The main areas parking cases are contested are
- did the event occur
- was the signage sufficient
- does the operator have authority
- were consumer regulations complied with
- are the conditions which make the keeper liable fulfilled
- is the charge appropriate
If the parking company complies with the first 5 conditions, then POPLA's decision will depend on the result of the sixth. Of course, if they do not comply then POPLA will uphold the appeal.
If the operator is legitimate and the charge is a genuine pre-estimate of loss, then POPLA will rule for the operator; existing case law covers this. Legitimate operators therefore have nothing to fear from Mr Greenslade's decision.
The rogue operators who have artificially inflated their charges will have to rely on the ParkingEye v Beavis result to justify themselves, and this will result in the case being stayed until the Supreme Court hearing. It will be very interesting to be a fly on the wall to see which operators are making angry phone calls to POPLA and Steve Clark of the BPA over the next few days.
The Prankster considers that a parking charge of around £25 in line with council charges is likely to be in the region of a genuine pre-estimate of loss and therefore this level of charge is likely to be allowed by POPLA. Ironically, the ParkingEye v Beavis result also ruled that charges in line with council charges are likely to be allowable.
With further irony, this level of charge is likely to be perfectly acceptable to the parking operators who offer genuine management services to the landowner.
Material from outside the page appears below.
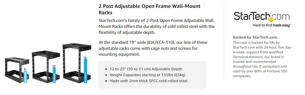This adjustable rack’s depth expands from 12 inches (30cm) to 20 inches (51cm) . These depths are ideal for rack-mount network switches or equipment of similar depths.

These operators will charge a management fee and therefore be interested in providing a genuine service, in minimising transgressions and will only issues charges when hey are justified.
The rogue element who offer their services for free have to rely on sharp practices and targeting the motorist to maintain their income stream. These companies will have to reassess their way of operating if they want to win at POPLA.
Will it matter
Currently only around 1% of cases go to POPLA. In theory the operators can therefore afford to ignore this and go for business as usual.
However, what may matter more is if the courts take the same view. Judge Jones in Reading is postponing all cases involving ParkingEye until the outcome of the Supreme Court is known. Other courts and judges may well follow suit.
ParkingEye file around 30,000 claims a year, and to each of these claims they add a filing fee of £50. Of course, their claims are electronically generated using templates, so it actually costs almost nothing for them to file the claim, and the £50 is almost all profit. Only around 3,000 claims actually get to court, so if we assume that in most of the rest the motorist caves in and pays up, then this £50 generates around £1.3 million. ParkingEye's last accounts (2013) showed a pre-tax profit of £1.6 million.
This means that ParkingEye are relying on filing court claims to generate most of their profit; if the courts stayed all cases then ParkingEye could be in serious financial difficulty.
Of course, the 2014 accounts may show a different picture so The Prankster eagerly awaits their arrival to see if ParkingEye have cooked their own goose or if they have other income streams.
Currently legitimate operators have difficulty winning contracts away from the rogue operators who come in and offer landowners parking 'management' for free. Of course, once the landowner realises that they have let the wolf into the hen-house it is too late and the landowner finds there are large penalty clauses if they want to cancel.
This new ruling may tip the balance and make it more of a level playing field if all operators need to charge a management fee to make the contract viable. This will be a welcome change.
The Prankster and Mr Greenslade have clashed before and no doubt will again, but for the second time The Prankster tips his hat to Mr Greenslade.